BIP! DB: A Dataset of Impact Measures for Scientific Publications

Thanasis Vergoulis; Ilias Kanellos; Claudio Atzori; Andrea Mannocci; Serafeim Chatzopoulos; Sandro La Bruzzo; Natalia Manola; Paolo Manghi

This dataset contains impact measures (metrics/indicators) for ~117Μ scientific articles. In particular, for each article we have calculated the following measures:

  • Citation count: The total number of citations, reflecting the "influence" (i.e., the total impact) of an article.

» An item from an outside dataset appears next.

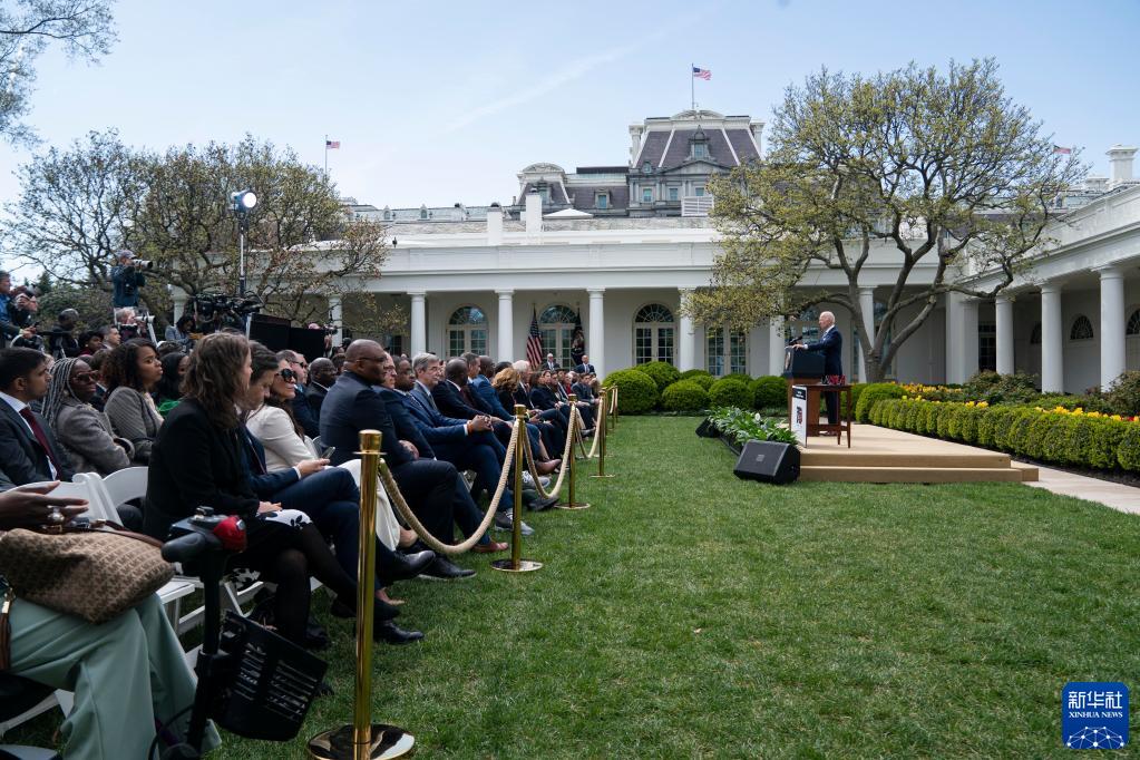 2022年4月11日,美國總統拜登(右一)在華盛頓白宮就監管“幽靈槍”的新規發表講話。美國聯邦政府當日出臺新規,著眼監管無編號且難以追蹤的“幽靈槍”。2022年,美國有近4.4萬人死于槍支暴力。

  • Incubation Citation Count (3-year CC): This is a time-restricted version of the citation count, where the time window length is fixed for all papers and the time window depends on the publication date of the paper, i.e., only citations 3 years after each paper’s publication are counted. This measure can be seen as an indicator of a paper's "impulse", i.e., its initial momentum directly after its publication.

  • PageRank score: This is a citation-based measure reflecting the "influence" (i.e., the total impact) of an article. It is based on the PageRank1 network analysis method. In the context of citation networks, PageRank estimates the importance of each article based on its centrality in the whole network.

  • RAM score: This is a citation-based measure reflecting the "popularity" (i.e., the current impact) of an article. It is based on the RAM2 method and is essentially a citation count where recent citations are considered as more important. This type of “time awareness” alleviates problems of methods like PageRank, which are biased against recently published articles (new articles need time to receive a “sufficient” number of citations).  Hence, RAMI is more suitable to capture the current “hype” of an article.

  • AttRank score: This is a citation network analysis-based measure reflecting the "popularity" (i.e., the current impact) of an article. It is based on the AttRank3 method. AttRank alleviates PageRank’s bias against recently published papers by incorporating an attention-based mechanism, akin to a time-restricted version of preferential attachment, to explicitly capture a researcher’s preference to read papers which received a lot of attention recently. This is why it is more suitable to capture the current “hype” of an article.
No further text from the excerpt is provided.